Data science is gelato and every modern experience loves it.

Omnichannel means listening to, and engaging with, customers however they like. "Omni-" is another literacy “to do” term. It takes a data- and AI-literate organization to let a variety of links in the insurance value chain collaborate. And of course, that means literacy at the top, because company culture won’t adapt without the permission and promotion to do so.

No line of business is escaping accelerated digital expectations where data, AI, and cloud play a part in delivering outsized customer and corporate value and new ways of working.
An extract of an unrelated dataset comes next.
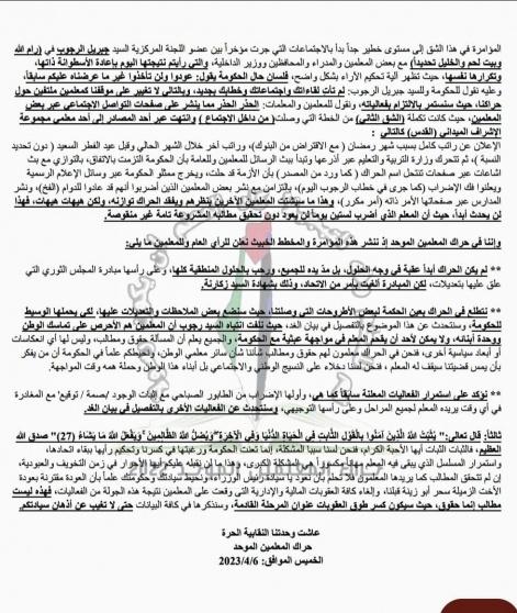 وفيما يلي بيان صادر عن حراك المعلمين:

It appears in commercial lines and personal lines -- and in property, auto, and other coverage as well. Foot traffic relates to sales and proximity. Mileage relates risk directly. Occupancy relates to active monitoring and mitigation of perils in cars and on premises. Connected sensors of all sorts can pass data, scores, and feedback to all parties concerned. End-to-end processes are now occurring as self-service, robot-service, and a hybrid of self/robot/people services.

For example, a miles-based or behavior-based telematics program can use smart phones, smart tags, and/or smart cars streaming data instead of classical rating programs which are blindered from facts on where and when driving is happening, exist on vague presumptions on who is driving, and assume a one-size-fits-all broad prediction on how much they drive.

During COVID-19 so far, companies have learned that they can move from poor and harsh assumptions of risk to refined and accurate continuous monitoring and scoring of risks.

This last year has taught us that personalization in pricing is the opposite of a one-size-fits-all gold-plated offering. Designing for an apex customer and making everyone else pay to that standard is like only offering vanilla ice cream. It does not have a future.

We are exiting the historical flat-term-rate-for-a-bloated-product era. This will vacate a situation where the singular product offering would be the best product for the wealthiest households, yet not a very good product for many households. A persona is not a person.

Customers are learning they can use their own data to understand and price their own risk. Then they can shop for a better fitting insurer. With embedded insurance, maybe just a taste of risk transfer is all they need. Shopping is easier than ever. Perhaps soon, an on-phone, in-cloud, continuous shopper synthetic reality avatar will do the scooping for them?